Взмах крыльев (Сергеев-Ценский)

Взмах крыльев
автор Сергей Николаевич Сергеев-Ценский
Опубл.: 1904. Источник: az.lib.ru • Стихотворение в прозе.

    Сергей Николаевич Сергеев-Ценский.
    Взмах крыльев
    Править

    Стихотворение в прозе

    IПравить

    Когда я шел домой, был вечер. Я был тогда еще небольшим, но ясно помню, что я устал, еле передвигал несгибавшиеся ноги и хотел пить.

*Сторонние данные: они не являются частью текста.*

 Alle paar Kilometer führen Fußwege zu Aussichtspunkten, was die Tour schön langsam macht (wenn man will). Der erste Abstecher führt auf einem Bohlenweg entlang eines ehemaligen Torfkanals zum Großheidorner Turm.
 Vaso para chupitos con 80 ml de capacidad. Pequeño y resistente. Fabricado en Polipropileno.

    Целый день, с пяти часов утра, я дышал лесом, ловил рыбу в длинном и тихом озере Глушице и лазил на тонкие верхушки деревьев за спелой черемухой.

    На плече моем болтались плохо смотанные лески трех удочек, руки мне оттягивала круглая кошелка с пятью подлещиками и красноперками, а губы были черны и клейки от черемухи.

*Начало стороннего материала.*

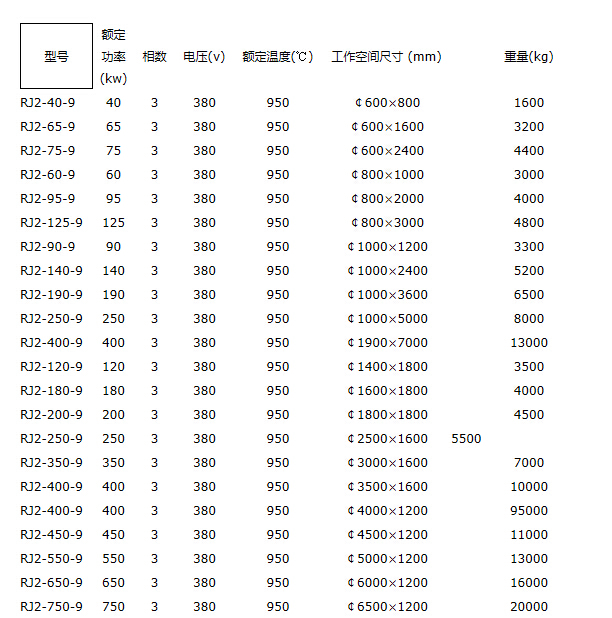 大型井式退火爐尺寸規(guī)格:(盡供參考,具體有用戶提供尺寸)
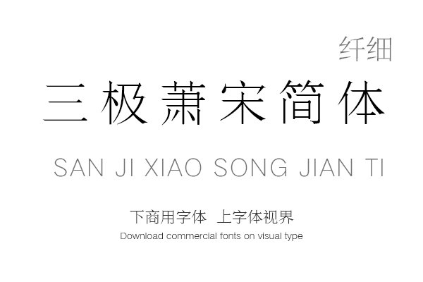 字体视界是一家专业字体授权平台,平台已取得「三极萧宋简体 纤细」字体的官方代理授权,并有权为您提供字体授权服务。除了「三极萧宋简体 纤细」字体以外字体视界还提供......购买须知:“下载服务费”与“字体VIP”所获得字体 仅用于个人非商用, 商用请联系付费授权。本字体为电脑用字,手机没有root权限不支持直接手机换字(手机如何root,请自行百度搜索教程)。购买前请先 了解清楚后再付款 ,字体为虚拟产品无法回收 一旦购买不支持退款。

    Впрочем, к поясу моему на веревочке был привязан по-охотничьи, за шейку, хвостом вниз, полуощипанный голубь, счастливо отбитый мною у ястреба.

    Этот голубь был моей гордостью.

    Я представлял, как буду рассказывать об этом сестренке Тане подробно и обстоятельно. Изображу, как увидел ястреба в кустах бирючины над оврагом, — огромного, коричневого с белым; он сидел и рвал перья крючковатым клювом, и голубиное мясо краснело под его когтями.

    Я крикнул; он обернулся и поглядел кругло и хищно, вытянув шею. Я бросился к нему с удочками наперевес; он выпустил добычу и шарахнулся кверху, шумя листьями.

    Через минуту он уже далеко тянул над полем к городу, тяжело шевеля крыльями, а сизый белохвостый голубь лежал в моих руках еще теплый и мягкий.

    Я представлял, как Таня будет осторожно гладить его пальцами, прижиматься к нему бледненькой щекой и тягуче говорить: «Бе-едный голубчик!» — а я в это время буду пить чай и торопливо есть булку. И когда я соображал на ходу, сколько чашек чаю я выпью, выходили все двузначные числа, и булка казалась необыкновенно вкусной.

    Я прошел уже прилегавшие к больнице кирпичные сараи и огороды с капустой и огурцами, прошел длинный желтый забор сада и подошел к тому корпусу огромной больницы, в котором служил мой отец.

    На белых стенах больницы мое усталое воображение чертило расплывчатые зеленые пятна на темных лентах — деревья леса; под ними стрельчатые, желтоногие, зеленые пятна — прибережную кугу; а еще ниже белые полосы — воду Глушицы. Из воды лукаво смотрели верткие красноперки, а над деревьями поднимались тучи ястребов с голубями в когтях.

    Я почти спал, идя на прямых ногах, но когда вошел в темный коридор больницы с асфальтовым полом и вечно сырым, густо пропитанным йодоформом воздухом, то очнулся.

    В нашу квартиру, поднявшись на третий этаж, вошел я совсем бодро и, поставив в прихожей удочки, снисходительно передал выбежавшей навстречу Тане кошелку с подлещиками и голубя.

    Против ожидания, она только мельком взглянула на мою добычу, и тут же, маленькая, худенькая, пепельноволосая, подняв на меня огромные синие глаза, сказала испуганным шепотом:

    — А у нас бешеный!

    — Ты голубя-то видела? — не поняв как следует того, что она сказала, и обиженный невниманием, спросил я.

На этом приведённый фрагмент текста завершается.